Why Is a Federal Minimum Wage a Problem and a Maximum Income Okay?
For some reason it has become accepted wisdom that raising wages loses jobs. And yet cheering on uncontrolled income is a job-producing fulfillment of the American dream.
Reminds me of my favorite nonsense-rhyme
If an asp in the grass is a snake
Then why is a grasp in the ass a goose?
It occurs to me, and give me hell if I’m wrong, that both statements are equally ignorant of the facts and yet they persist because the wealthy are in charge of the sound system.
Crank up the amplifiers, baby
Repetition is an amplifier, as is an enormous audience and the money to put the Big Band on stage. Let me offer an example: I remember a time not all that long ago when the accepted wisdom was that if gasoline ever hit $2 a gallon the American economy would lay in ruins. Wow. In ruins. The economy of the most powerful nation in the world hung on the delicate balance of $2 a gallon at the pump. Chaos would ensue. Last Memorial Day prices hit $4.03 in California and over three and a half bucks in most other states. The stock markets were hitting records and American business was doing just fine.
What wasn’t just fine was the income gap
The hum you could hear across the nation like crickets on a summer night was the drumbeat of the rich getting richer and the poor staying poorer—and losing ground in the bargain.

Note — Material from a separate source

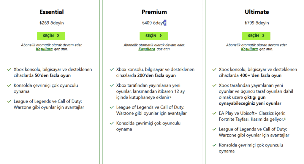 - Standart plan ise Game Pass Premium olarak değiştirildi.

You see there are other aspects to poverty that simply a wage. As a 40-hour week turns to contract-work, as health insurance is no longer a perk and time and a half for overtime becomes just a dim memory, business sliced and diced what it means to be employed. The amplifier easily drowned the voices of discontent because it was the American Way to serve earnings to stockholders ahead of what meat and potatoes remained on workers’ Sunday dinner tables.
So, $2 gas will ruin us and a $15 hourly wage will fuel unemployment
Having already given the lie to $2 at the pump, let’s look at what happened to states, cities and companies paying fifteen bucks: (Wikipedia) In the state of Washington, two cities have been described as test cases for the $15 minimum wage. Seattle was among the first U.S. cities to adopt a $15-per-hour plan in 2014, with its minimum wage for large employers raised to $15.45 in 2018 and $16 in 2019. Studies of Seattle's workforce have shown no decline in employment and tangible benefits for workers. A $15/hour minimum wage at Amazon.com took effect in November, 2018. Costco said it will raise its starting wages to $15 and $15.50 per hour, from $14 and $14.50 per hour in the United States and Canada. Net income attributable to the company rose to $889 million, or $2.01 per share, from $701 million, or $1.59 per share, a year earlier. Incoming president Joe Biden, inaugurated today, promises as part of his platform to fight for a $15 national minimum wage.
There is such a thing as being on the right side of history
Joe and Kamala have their hands full with a badly divided nation in the midst of a crippling pandemic and businesses in uncharted waters recovery-wise. No incoming presidency has been handed so heavily stacked a deck. Yet words have meaning and politics have consequences. We have an honest man at the head of government and an honest woman presiding over the Senate. It’s a start. It can be no more than that unless we make it so.